» **TASK INSTRUCTIONS**: Restate, exactly as written, the entries below from the line that holds "После дерби против" through the line that holds "- Cepacol Dual". Pictures are not part of the copy.

━━ GIVEN DATA

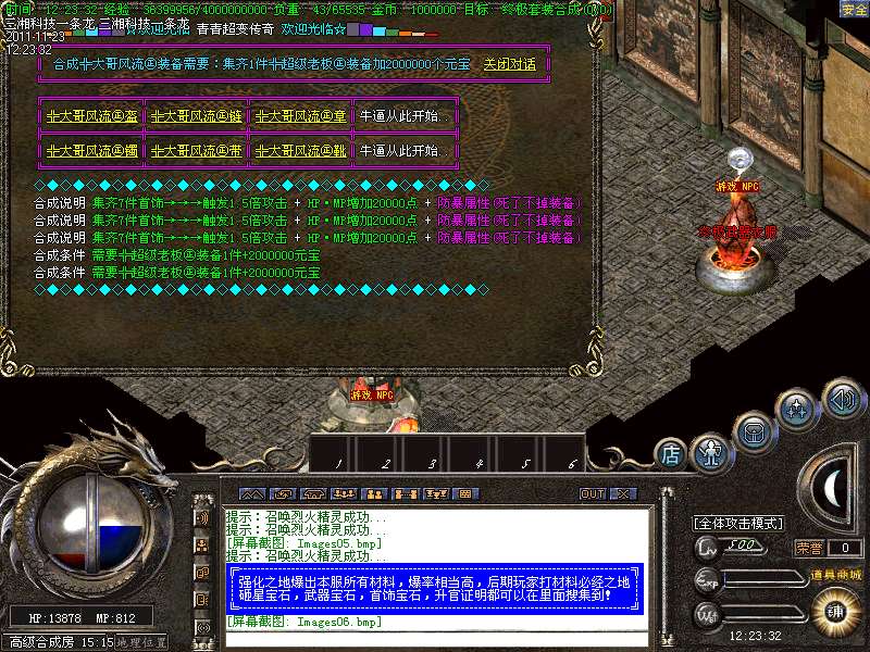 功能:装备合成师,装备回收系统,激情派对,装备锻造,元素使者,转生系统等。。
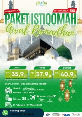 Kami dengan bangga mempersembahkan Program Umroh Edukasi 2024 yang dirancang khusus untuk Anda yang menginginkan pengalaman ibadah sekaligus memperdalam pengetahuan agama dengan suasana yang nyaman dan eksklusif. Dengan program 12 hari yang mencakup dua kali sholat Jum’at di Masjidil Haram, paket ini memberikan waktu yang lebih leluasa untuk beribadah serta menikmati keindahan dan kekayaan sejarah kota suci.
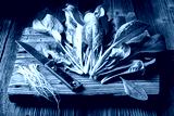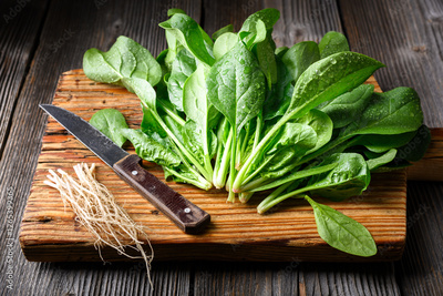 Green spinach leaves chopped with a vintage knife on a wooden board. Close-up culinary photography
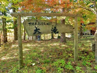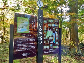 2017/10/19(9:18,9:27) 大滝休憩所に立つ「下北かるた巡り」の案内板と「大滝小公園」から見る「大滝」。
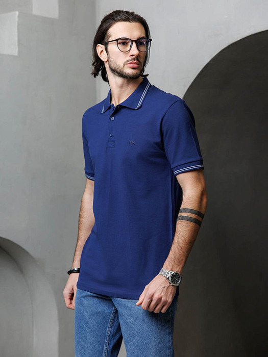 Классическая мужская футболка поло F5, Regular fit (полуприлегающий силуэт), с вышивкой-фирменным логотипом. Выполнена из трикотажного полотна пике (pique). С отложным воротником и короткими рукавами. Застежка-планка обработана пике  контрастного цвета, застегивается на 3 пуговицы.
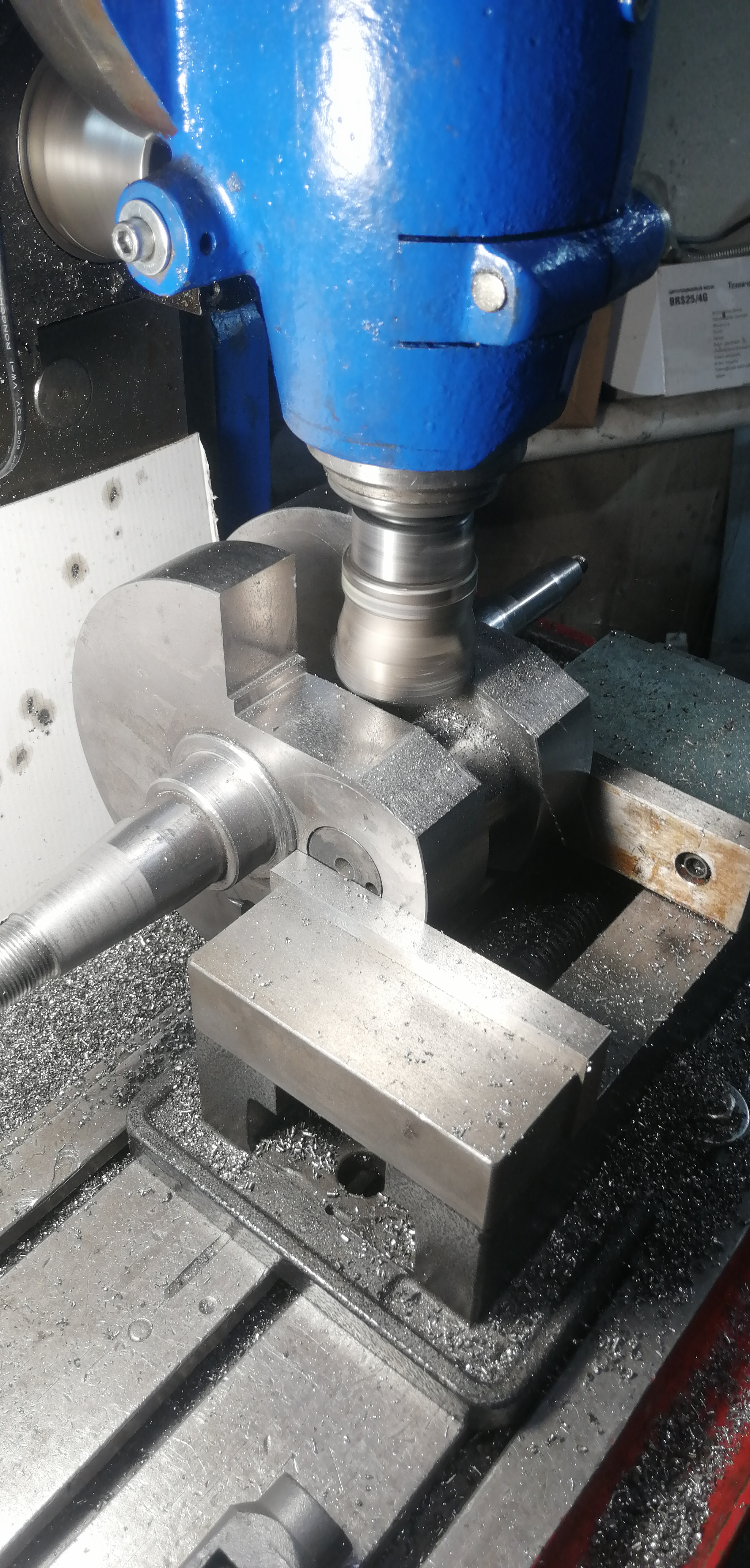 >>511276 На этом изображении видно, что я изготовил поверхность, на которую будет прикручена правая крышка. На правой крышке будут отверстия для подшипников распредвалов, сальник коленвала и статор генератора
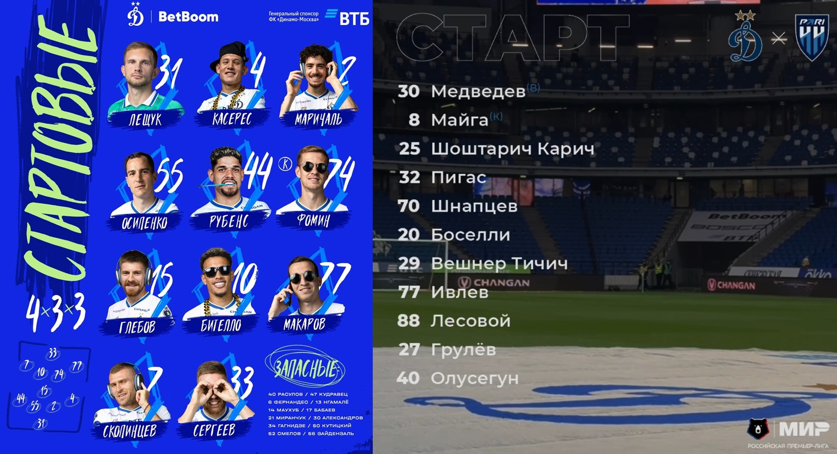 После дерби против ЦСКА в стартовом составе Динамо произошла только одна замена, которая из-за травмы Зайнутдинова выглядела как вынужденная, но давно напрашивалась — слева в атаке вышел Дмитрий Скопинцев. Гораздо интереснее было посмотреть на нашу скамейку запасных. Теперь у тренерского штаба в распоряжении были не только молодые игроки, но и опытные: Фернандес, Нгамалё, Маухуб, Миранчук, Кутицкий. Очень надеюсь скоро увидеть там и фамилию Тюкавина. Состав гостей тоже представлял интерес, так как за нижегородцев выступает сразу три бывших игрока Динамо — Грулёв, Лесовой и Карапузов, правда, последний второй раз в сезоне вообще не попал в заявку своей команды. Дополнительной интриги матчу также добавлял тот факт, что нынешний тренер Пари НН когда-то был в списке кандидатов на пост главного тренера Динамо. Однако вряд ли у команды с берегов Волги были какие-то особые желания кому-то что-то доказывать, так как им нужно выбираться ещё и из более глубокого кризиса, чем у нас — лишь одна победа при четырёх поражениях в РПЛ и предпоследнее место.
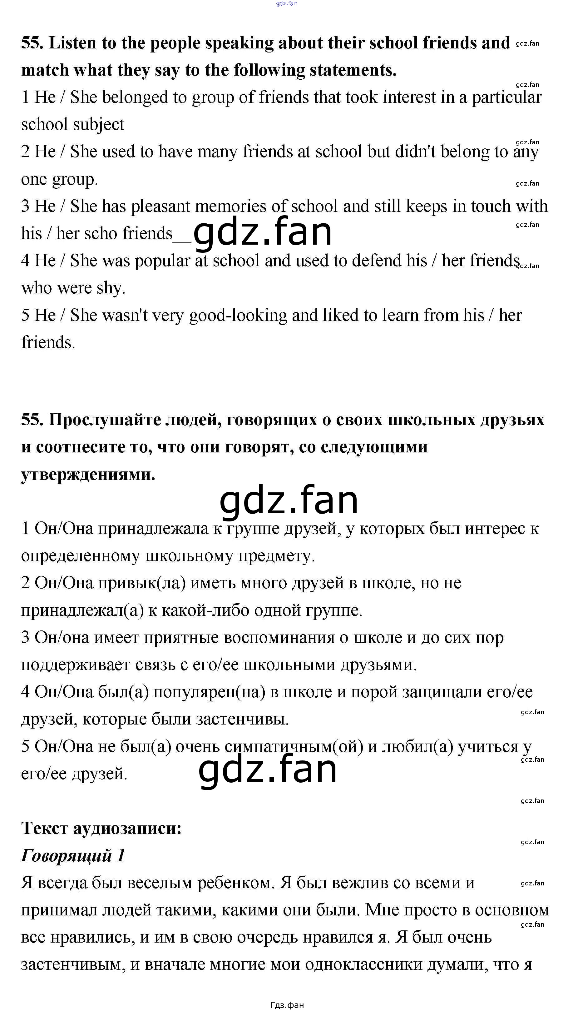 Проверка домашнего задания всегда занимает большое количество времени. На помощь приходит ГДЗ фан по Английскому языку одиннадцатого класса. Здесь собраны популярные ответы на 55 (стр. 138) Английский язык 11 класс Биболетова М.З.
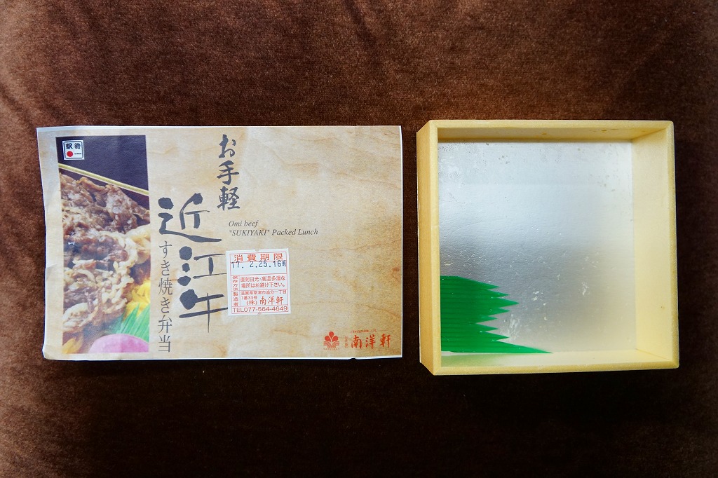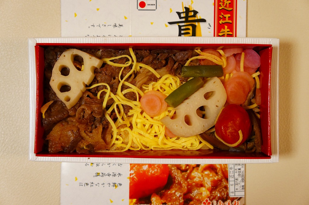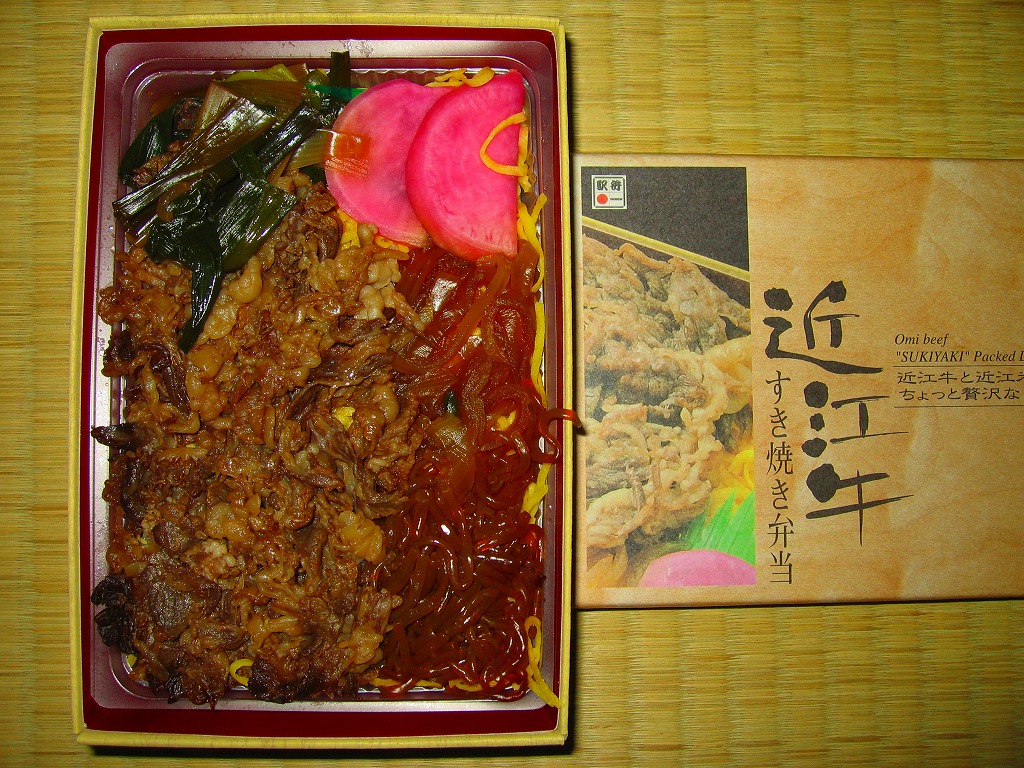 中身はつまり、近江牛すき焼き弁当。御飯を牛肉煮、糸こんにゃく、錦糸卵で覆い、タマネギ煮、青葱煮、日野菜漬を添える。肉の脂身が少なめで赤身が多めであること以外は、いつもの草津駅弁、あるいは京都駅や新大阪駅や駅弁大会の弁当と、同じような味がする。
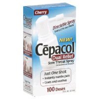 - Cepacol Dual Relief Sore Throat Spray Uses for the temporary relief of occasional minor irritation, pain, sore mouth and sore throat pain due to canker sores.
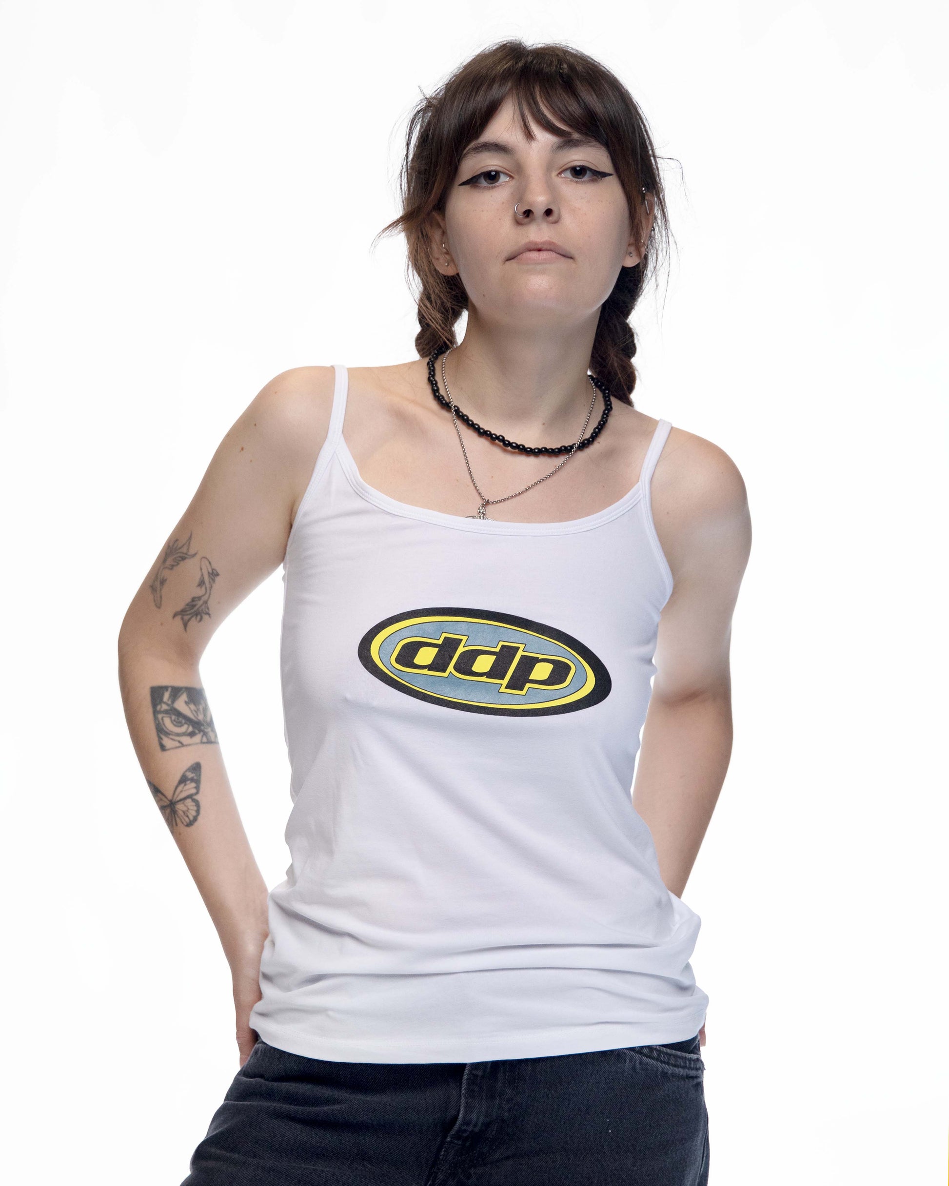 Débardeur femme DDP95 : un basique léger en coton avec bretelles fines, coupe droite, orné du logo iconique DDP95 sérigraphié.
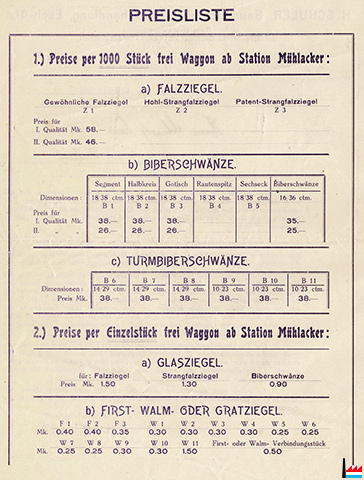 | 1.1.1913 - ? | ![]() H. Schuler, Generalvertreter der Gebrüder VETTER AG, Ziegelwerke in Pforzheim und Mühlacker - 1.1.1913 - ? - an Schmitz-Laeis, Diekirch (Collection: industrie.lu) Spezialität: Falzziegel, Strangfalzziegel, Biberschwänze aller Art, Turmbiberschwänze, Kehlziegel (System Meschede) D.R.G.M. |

━━━━

» **EXERCISE OUTPUT**:
 После дерби против ЦСКА в стартовом составе Динамо произошла только одна замена, которая из-за травмы Зайнутдинова выглядела как вынужденная, но давно напрашивалась — слева в атаке вышел Дмитрий Скопинцев. Гораздо интереснее было посмотреть на нашу скамейку запасных. Теперь у тренерского штаба в распоряжении были не только молодые игроки, но и опытные: Фернандес, Нгамалё, Маухуб, Миранчук, Кутицкий. Очень надеюсь скоро увидеть там и фамилию Тюкавина. Состав гостей тоже представлял интерес, так как за нижегородцев выступает сразу три бывших игрока Динамо — Грулёв, Лесовой и Карапузов, правда, последний второй раз в сезоне вообще не попал в заявку своей команды. Дополнительной интриги матчу также добавлял тот факт, что нынешний тренер Пари НН когда-то был в списке кандидатов на пост главного тренера Динамо. Однако вряд ли у команды с берегов Волги были какие-то особые желания кому-то что-то доказывать, так как им нужно выбираться ещё и из более глубокого кризиса, чем у нас — лишь одна победа при четырёх поражениях в РПЛ и предпоследнее место.
 Проверка домашнего задания всегда занимает большое количество времени. На помощь приходит ГДЗ фан по Английскому языку одиннадцатого класса. Здесь собраны популярные ответы на 55 (стр. 138) Английский язык 11 класс Биболетова М.З.
 中身はつまり、近江牛すき焼き弁当。御飯を牛肉煮、糸こんにゃく、錦糸卵で覆い、タマネギ煮、青葱煮、日野菜漬を添える。肉の脂身が少なめで赤身が多めであること以外は、いつもの草津駅弁、あるいは京都駅や新大阪駅や駅弁大会の弁当と、同じような味がする。
 - Cepacol Dual Relief Sore Throat Spray Uses for the temporary relief of occasional minor irritation, pain, sore mouth and sore throat pain due to canker sores.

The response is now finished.